Renzi_Rossi

Dunque, congresso. Ma per cambiare direzione

Sono da sempre un appassionato di Enzo Iannacci. Di più, un vero e proprio cultore del cantautore milanese.
Estate dell’ultima guerra/non quella ma questa che c’è/ancora col culo per terra/insieme soltanto noi tre”. E’ l’incipit di un suo celebre brano, E allora andiamo, che, secondo me, fotografa il PD verso il congresso. Anche noi, tutto sommato, sembriamo venir fuori da una guerra e sciocco chi pensava si trattasse solo di confrontarsi e misurarsi con una proposta di riforma costituzionale.

Una guerra che, oggettivamente, un po’ con il culo per terra ci ha messi e si spera di rialzarsi in fretta e senza troppi lividi. Qualcuno potrebbe obiettarmi che sono in due, Enrico Rossi e Matteo Renzi, gli unici che hanno annunciato di candidarsi alla segreteria. Ma siamo un partito di sinistra e la previsione di tre soli candidati indulge ad un ingiustificato ottimismo, considerata la nostra sciagurata tradizione. Dunque, congresso. Finalmente. Perché di un congresso c’è bisogno a prescindere da ciò che è successo domenica 4 dicembre. Di un congresso c’è bisogno perché per continuare a militare nel PD è necessario sciogliere alcuni nodi e chiarire alcune gravi ambiguità . Nessuna azione, nessuna politica di Governo, prescindendo dal merito, è stata mai il risultato di un confronto reale. Nessuna proposta è stata mai elaborata dalla Direzione del PD, discussa nei circoli e, quindi, posta all’attenzione dei gruppi parlamentari e dell’esecutivo. Al contrario, la Direzione era chiamata ad approvare, a maggioranza, soluzioni già precostituite e preconfezionate e anche quando in questo organismo fosse stata raggiunta un intesa su alcune modifiche, venivano successivamente puntualmente disattese (vedi il caso dei “licenziamenti collettivi” nel Jobs Act e il premio alla coalizione divenuto premio al partito e capilista bloccati nell’Italicum).

Di un congresso c’è bisogno perché è oramai evidente che la coincidenza tra segretario e candidato premier non si tiene insieme, soprattutto in un partito dove la sintesi tra le diverse anime, le diverse sensibilità politiche e culturali non si è ancora compiutamente realizzata e vi è, quindi, necessità di qualcuno che si dedichi per intero ed esclusivamente alla sua cura. Di un congresso c’è bisogno perché è essenziale e vitale per il futuro stesso del partito individuare regole e percorsi per la selezione e la formazione di una classe dirigente che non sia unicamente il prodotto della fedeltà a questo o a quel leader.
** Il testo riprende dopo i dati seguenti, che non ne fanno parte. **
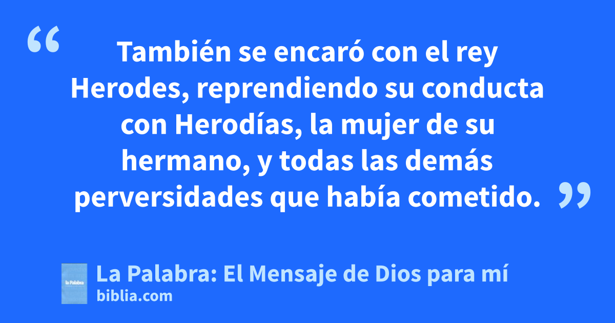 18 Con estos y otros muchos discursos exhortaba Juan a la gente y anunciaba al pueblo la buena noticia. 19 También se encaró con el rey Herodes, reprendiendo su conducta con Herodías, la mujer de su hermano, y todas las demás perversidades que había cometido. 20 Entonces Herodes metió a Juan en la cárcel, con lo que colmó la cuenta de sus crímenes.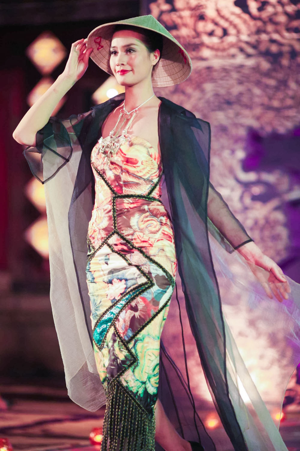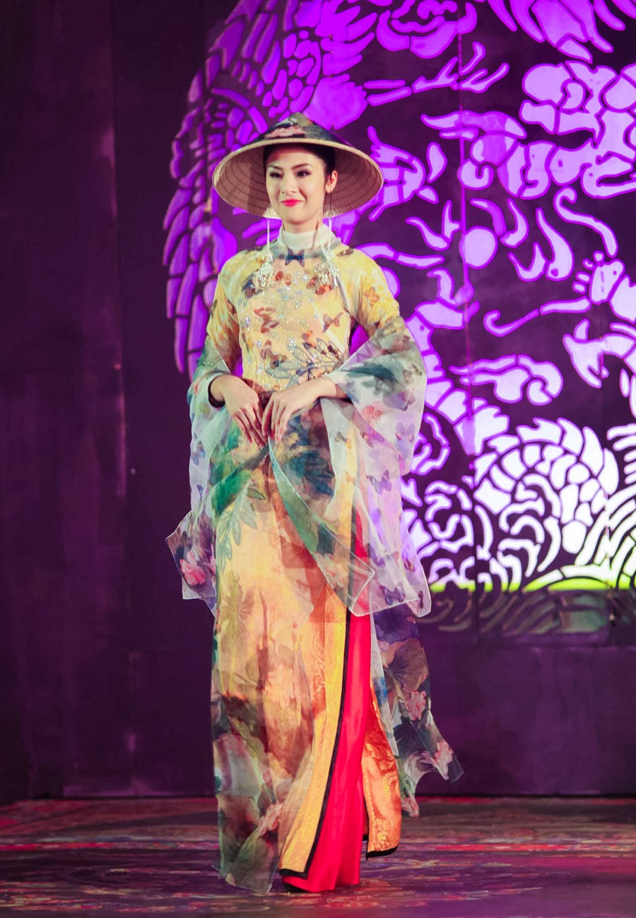 | Hoa hậu Ngọc Hân đảm nhận vai trò mở màn BST này. Cô diện mẫu áo dài cách điệu, chất vải trong suốt, in họa tiết nổi bật. |

Di un congresso c’è bisogno per abbandonare definitivamente l’idea di un partito costruito sull’ambizione dei singoli e non sulla base di una proposta politica collettiva e condivisa. Di un congresso c’è bisogno perché è ora di chiarire se il Partito Democratico è il punto di incontro tra le forze di ispirazione socialista, cristiane e cattolico democratiche che ispirate da sempre da valori quali la solidarietà, l’attenzione agli ultimi, agli esclusi, si uniscono per dare una nuova speranza a quanti avrebbe dovuto rappresentare e che, invece, si sentono da noi abbandonati, traditi.

E’ un elenco, forse non esaustivo, di questioni urgenti sulle quali il prossimo congresso dovrà confrontarsi. Se qualcuno, e vi sono segnali preoccupanti in tal senso, pensasse ad un appuntamento dove consumare la propria rivincita, la propria vendetta accompagnata dal desiderio di non fare prigionieri, decreterebbe la fine del PD e, molto probabilmente, comprometterebbe il suo stesso futuro politico. Si correrebbe il rischio di assistere alla nascita di un ennesimo “partito personale” di cui, sinceramente, non se ne avverte alcun bisogno. Noi saremo in campo non con l’elenco delle cose che non ci sono piaciute, ma con quelle che vorremmo si realizzassero. Non saremo in campo contro qualcuno, ma per qualcosa. E siccome se ami Jannacci non puoi non amare Gaber, parafrasando il suo “Qualcuno era comunista”, saremo in campo perché al nostro gabbiano non si rattrappiscano le ali.